Due parole su quel che ho letto lo scorso weekend, spaparanzato sulla sdraio al sole. Dura la vita. Vediamo se avrò voglia di farne una rubrica regolare, ché qui si pisola troppo.
Di bello:
– Valentina Melaverde v.4, di Grazia Nidasio: Valentina Melaverde è meraviglioso. Le piccole grandi avventure di una tredicenne in una città negli anni ’70. Un fumetto splendidamente anni ’70, con lo spirito del tempo ma ancora moderno. E poi è proprio divertente e ben disegnato.
– L’appartement v.1, di Kung Full: un horror coreano che mi son procurato nell’edizione francese, dopo che in Italia la serie è stata iniziata e subito abbandonata. Un disoccupato scopre che ogni giorno, alle 21.56, in alcuni appartamenti si spegne la luce. Indaga la cosa e scoprirà questioni inquietanti. E poi cambia il punto di vista… Fa un sacco di paura ed è costruito davvero in modo entusiasmante. Non vedo l’ora di finirlo.

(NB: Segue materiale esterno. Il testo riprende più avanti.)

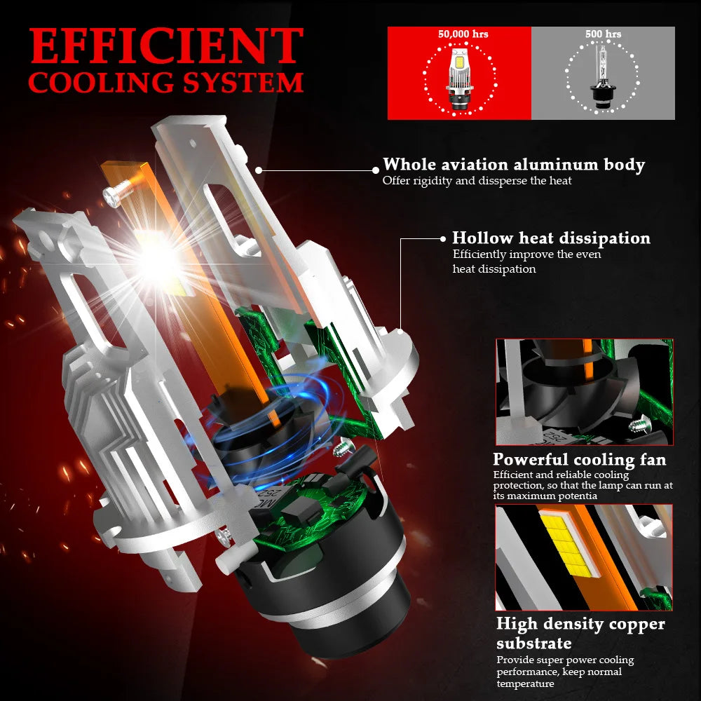 3, Upgrade Cooling System: B4A LED Headlight has a durable aluminum body, built-in more powerful high-speed cooling fan, intelligent and efficient cooling capacity, ensuring ultra-low temperature, and a life of up to 30,000 hours.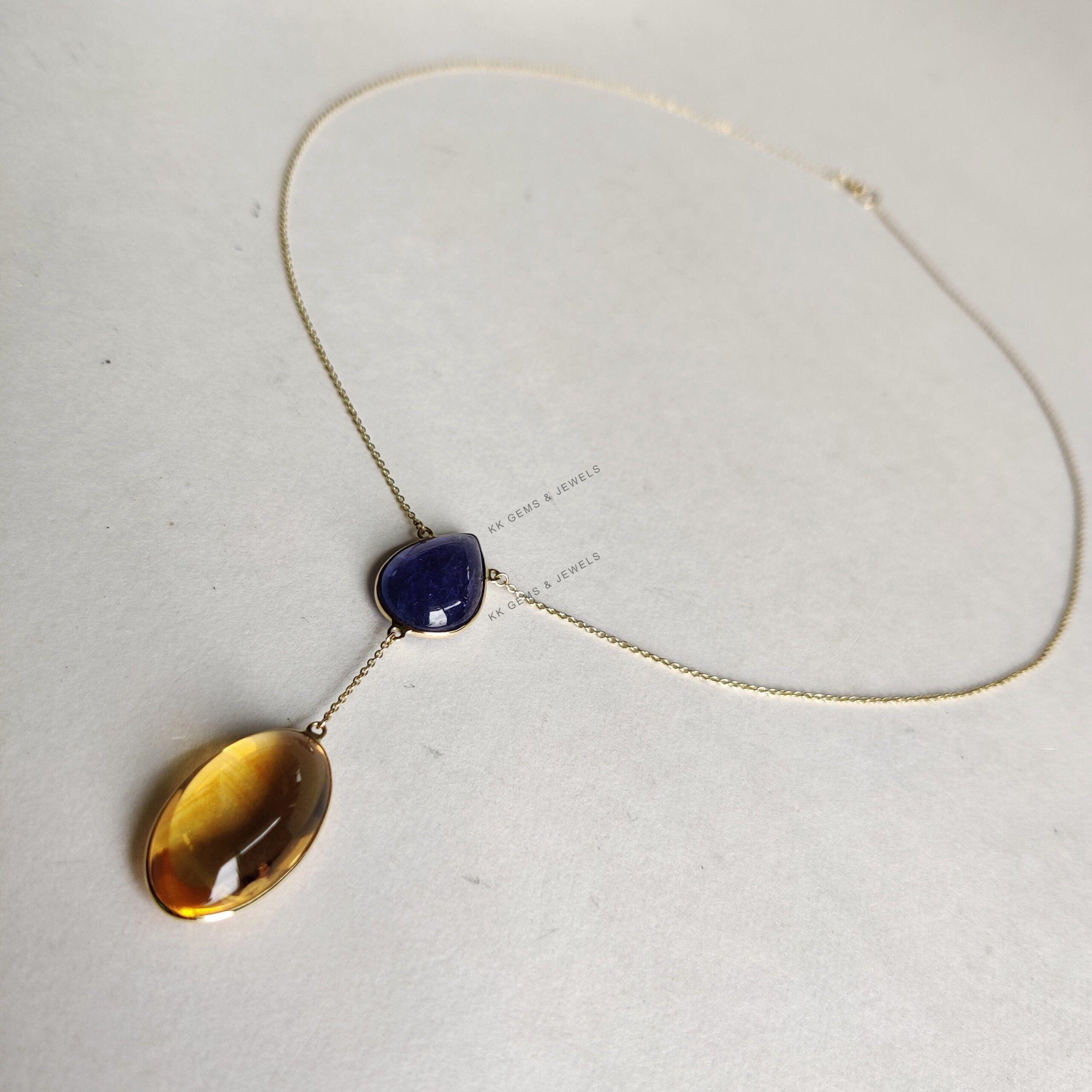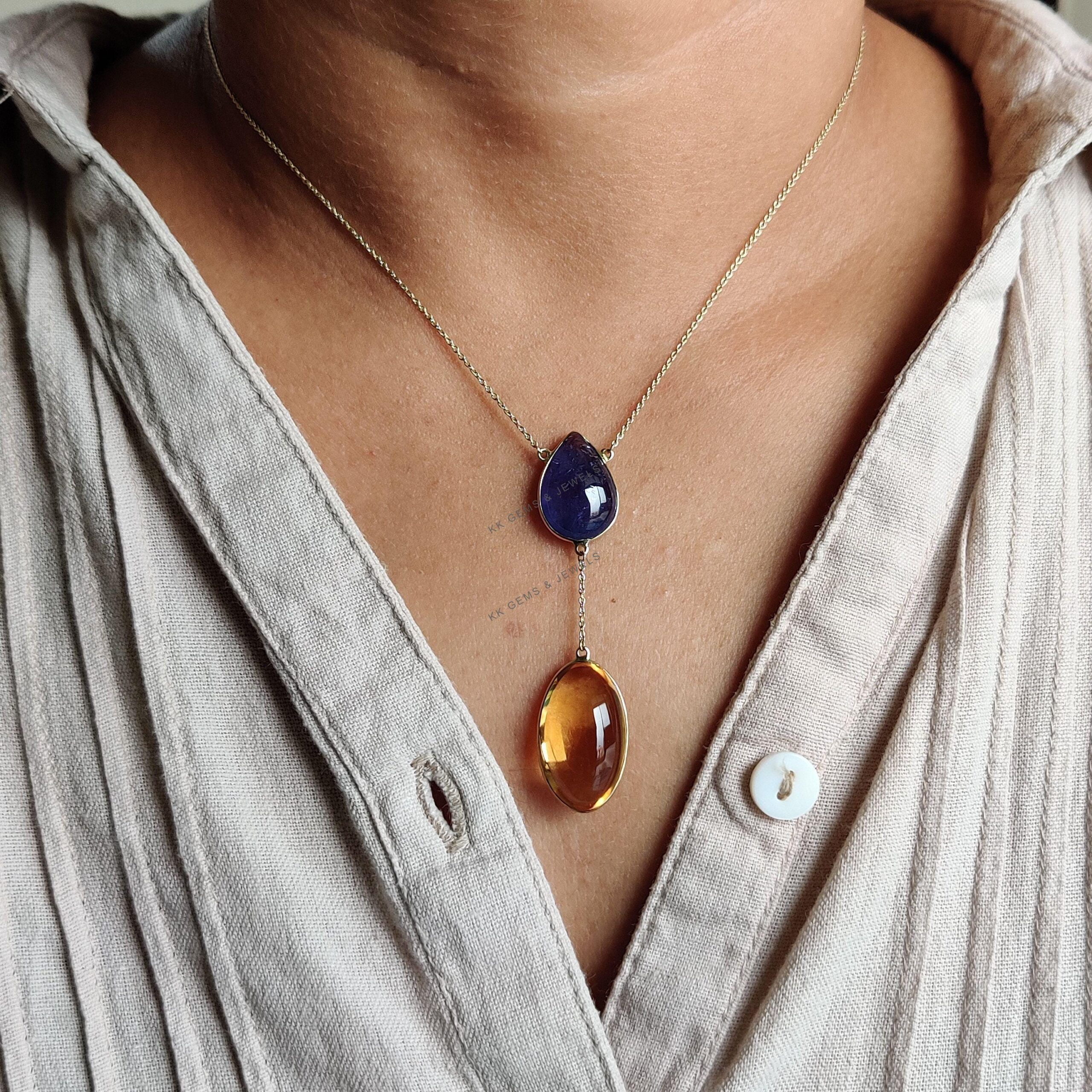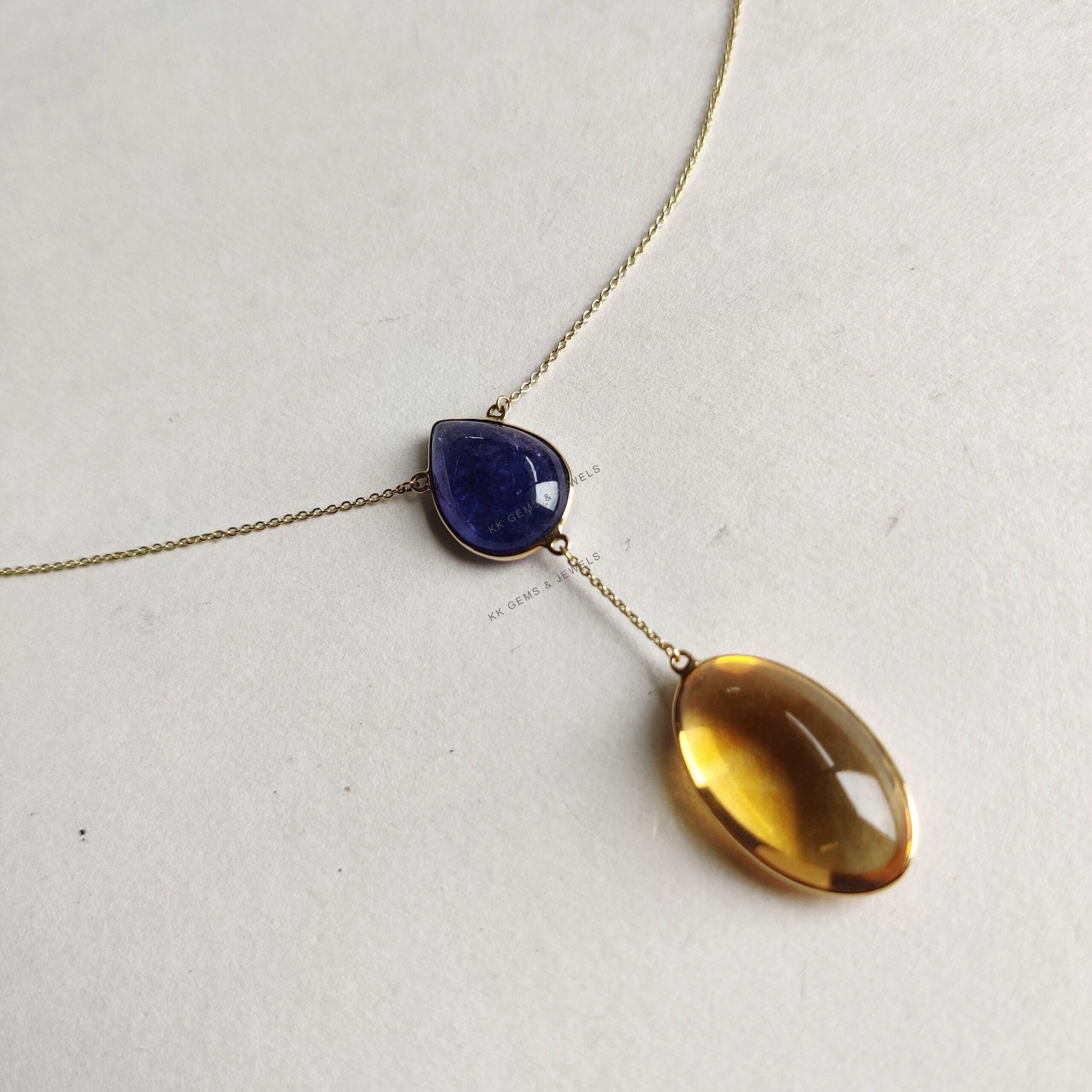 This stunning pendant is set in 14k Solid Yellow Gold with Natural Tanzanite and Citrine with utmost precision. It is an unique gemstone pendant for nearly every occasion and is completely hassle-free jewelry. ✓ ABOUT GEMSTONE Tanzanite is a mesmerizing…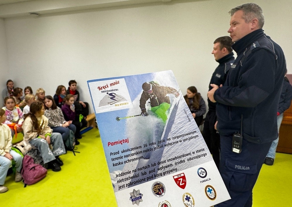 Podczas spotkania policjanci zachęcali dzieci do udziału w trwającym konkursie #ŚnieżnyDekalog, który promuje odpowiedzialne zachowanie podczas zimowych aktywności.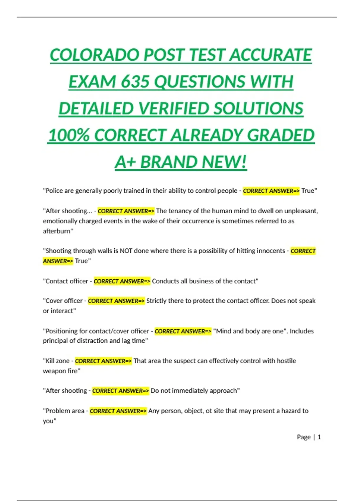 COLORADO POST TEST ACCURATE EXAM 635 QUESTIONS WITH DETAILED VERIFIED SOLUTIONS 100% CORRECT ALREADY GRADED A+ BRAND NEW!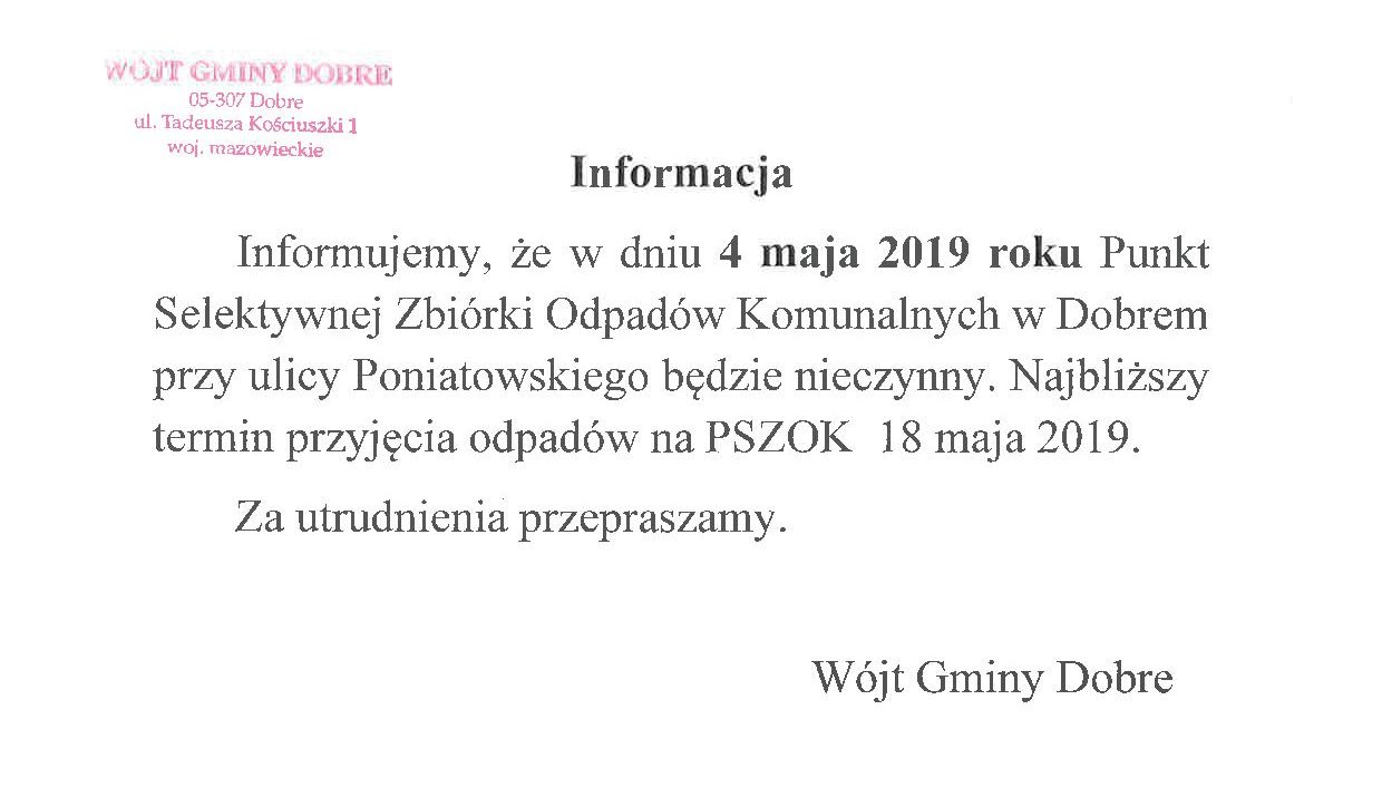 • Nieczynny PSZOK w dniu 4 maja 2019 roku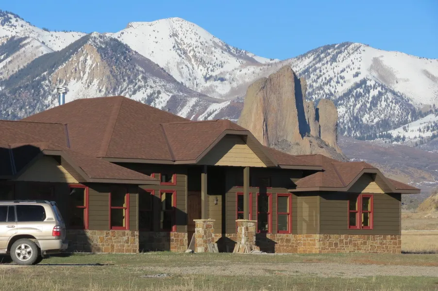 Impressive views from any window in this new home. Excellent 3,322sf floor plan includes 3 bedrooms and 4 baths, office, study, formal dining, great room and family room. Finished 3 car garage with upstairs 1,016sf guest apartment. Secluded location nearly a half mile back off the county road D yet only 5 minutes to Crawford. 142 acres with around 66 irrigated.

– Ralph Azam v.1-3 di Lewis Trondheim: il nuovo fantasy di Trondheim, dopo che ha, ahimé, abbandonato il Donjon, ne riprende lo spirito di follia, invenzioni e un po’ di sadismo nei confronti dei suoi personaggi. Si legge che è un piacere.
Di brutto:
– Deadpool v.1 di David Lapham e Kyle Baker: io i supereroi non li reggo più in nessuna forma, neppure in quelle revisioniste / sopra le righe/ postmoderne. Ho provato a concedere un’eccezione per questo per uno scrittore che mi piace con uno dei miei disegnatori preferiti, ma no. Supereroi, no.
– Io sono Legione di John Cassaday e Fabrien Nury: horror, fantastoria e spionaggio sono ingredienti che se mescolati hanno del potenziale, ma in questo caso son stati sfruttati proprio male. Trama confusissima, con personaggi che appaiono agire a casaccio e Dracula tirato fuori dal cappello (ma no? quando inizia una storia in Romania, si sa che finisce sempre lì). Pffff, ho fatto proprio fatica a finirrlo…
– Darwin di Paola Barbato e Luigi Piccatto: a me le storie apocalittiche piacciono un sacco, ma questa mi ha fatto proprio rizzare i capelli per la sciatteria, la confusione, la povertà dei dialoghi, la banalità dei personaggi e delle situazioni. Salvo solo l’idea, da quel che so inedita, di una Parigi post-apopocalittica (con inevitabile visita a Tour Eiffel e Louvre!) e i disegni di Piccatto.